Vier Freundinnen und ganz viele Schokospieße

Die Idee entstand im Rahmen eines Schulprojekts. Die vier Freundinnen (Leonie, Alina, Nele und Clara) wollten bewusst ein internationales Projekt unterstützen. „Es ist wichtig, dass man nicht nur schaut, dass es einem selbst gut geht, sondern auch auf andere Menschen schaut“, erzählt die 14-jährige Nele Leitner.
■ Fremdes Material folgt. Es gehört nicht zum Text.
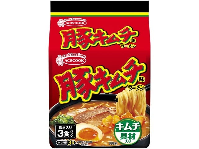 エース(袋)豚キムチ味ラーメン具材入り3P ×27 【送料込】(沖縄・離島は別途)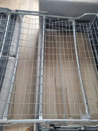Divano letto grigio chiaro. Rete con difetti di saldatura.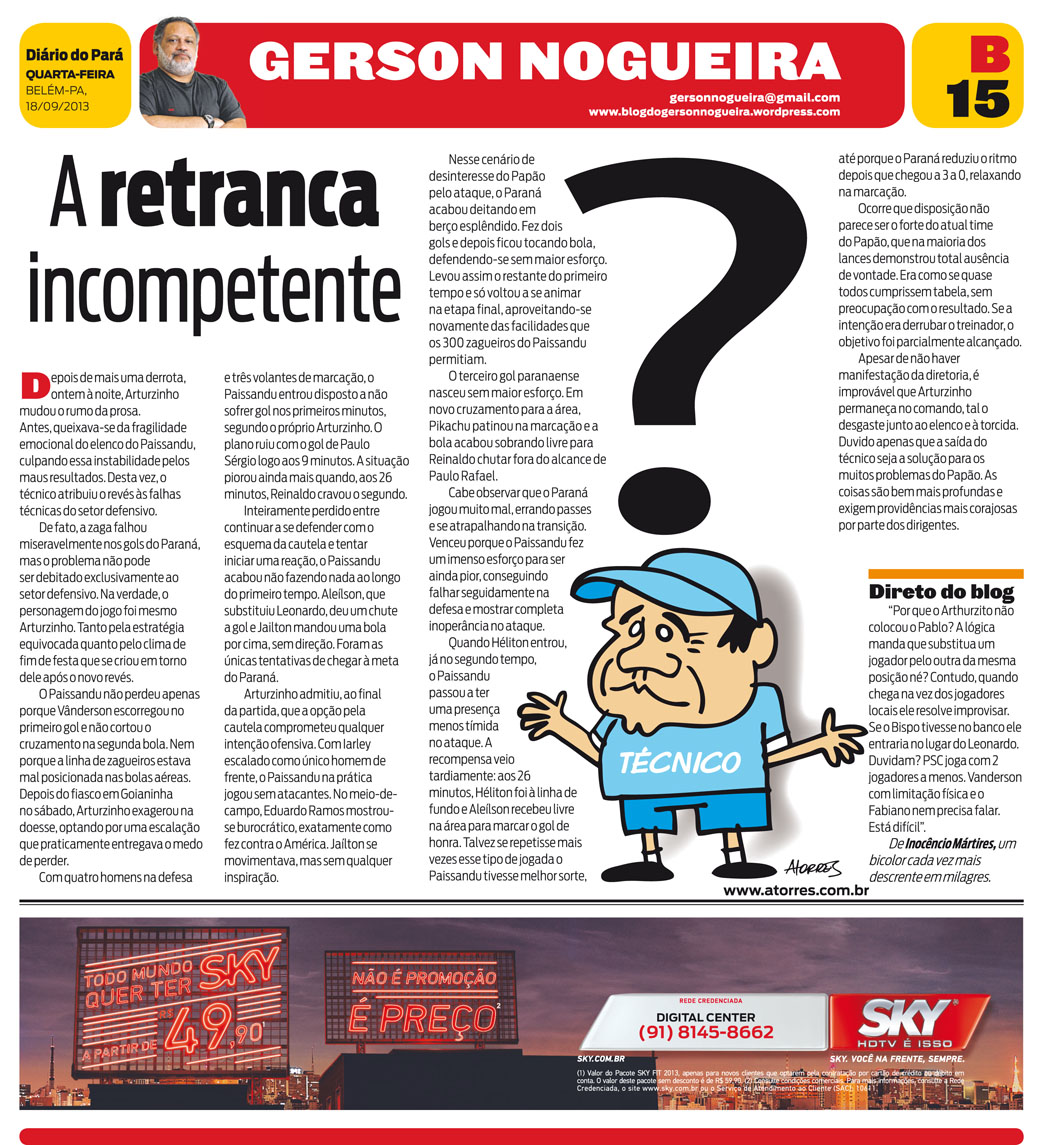 Apesar de não haver manifestação da diretoria, é improvável que Arturzinho permaneça no comando, tal o desgaste junto ao elenco e à torcida. Duvido apenas que a saída do técnico seja a solução para os muitos problemas do Papão. As coisas são bem mais profundas e exigem providências mais corajosas por parte dos dirigentes.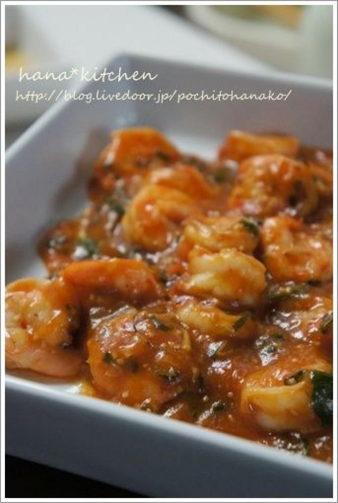 ![]() 3に200cc程度のお水と調味料を加え、煮立ったら2のエビを戻し、火が通ったら水溶き片栗粉でとろみをつければできあがり。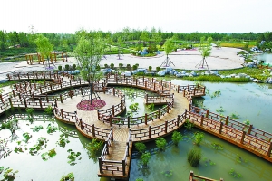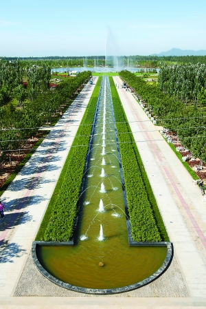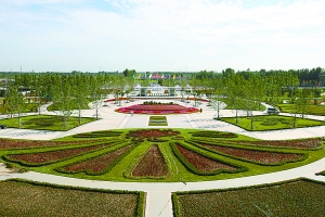 京華園以植物造景為主,栽有各類苗木70多個(gè)品種2000多株,月季、菊花8000多株,其他花卉60多個(gè)品種26000多株,草坪900平方米。園內(nèi)地形高低起伏,層林疊翠,除菊花和月季的栽植貫穿全園外,還有抽象的月季花形的鋼橋,以曲線的柔美,營(yíng)造似穿行于花瓣中的意境,菊花形流水將菊花弧線的自然美與水流的靈動(dòng)巧妙地結(jié)合在一起。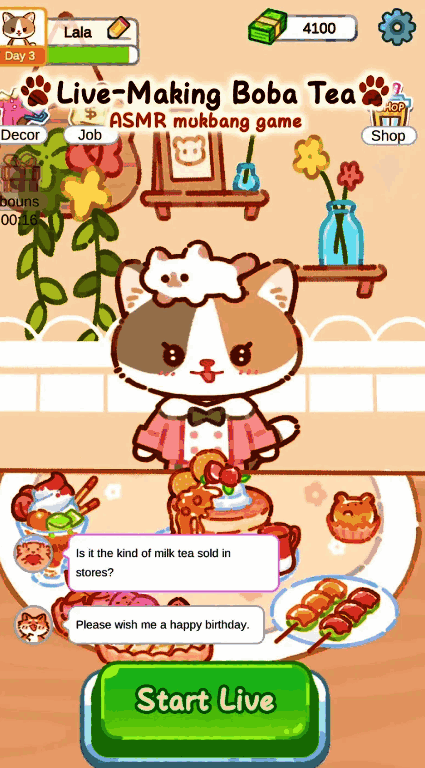 3. 创意装修空间:提供从壁纸到家具的众多装饰选项,玩家可发挥室内设计才能,打造专属风格奶茶店。

Besonders beliebt bei den Mitschüler:innen waren die selbstgemachten Schokospieße – davon gingen über hundert Stück über den Verkaufstisch. „Das hat allen richtigen Spaß gemacht“, sagt die 15-jährige Clara Riedl. „Und wir fanden es schön, dass wir Menschen in anderen Ländern helfen können.“

Ein Spendenglas reist von Bad Goisern nach Wien

Dass die Spende schließlich sogar persönlich nach Wien gebracht wurde, war ursprünglich eher eine spontane Idee. Gemeinsam mit einer Tante und einer Oma machten sich Nele und Clara schließlich tatsächlich auf den rund vierstündigen Weg in die Bundeshauptstadt. Dort übergaben sie das Spendenglas an Simone Peter, Bereichsleiterin von Brot für die Welt Österreich. „Es ist etwas ganz Besonderes, wenn sich junge Menschen mit so viel Herz und Eigeninitiative engagieren“, sagt Simone Peter. „Die Schülerinnen haben nicht nur Spenden gesammelt, sondern auch gezeigt, dass man mit einer kleinen Idee oft viel anstoßen und zum Guten verändern kann!“

Die Schülerinnen hoffen nun, auch andere junge Menschen zu inspirieren, selbst aktiv zu werden: Mit Kreativität, Zusammenhalt und ein bisschen Mut könne man oft mehr erreichen, als man zuerst glaubt.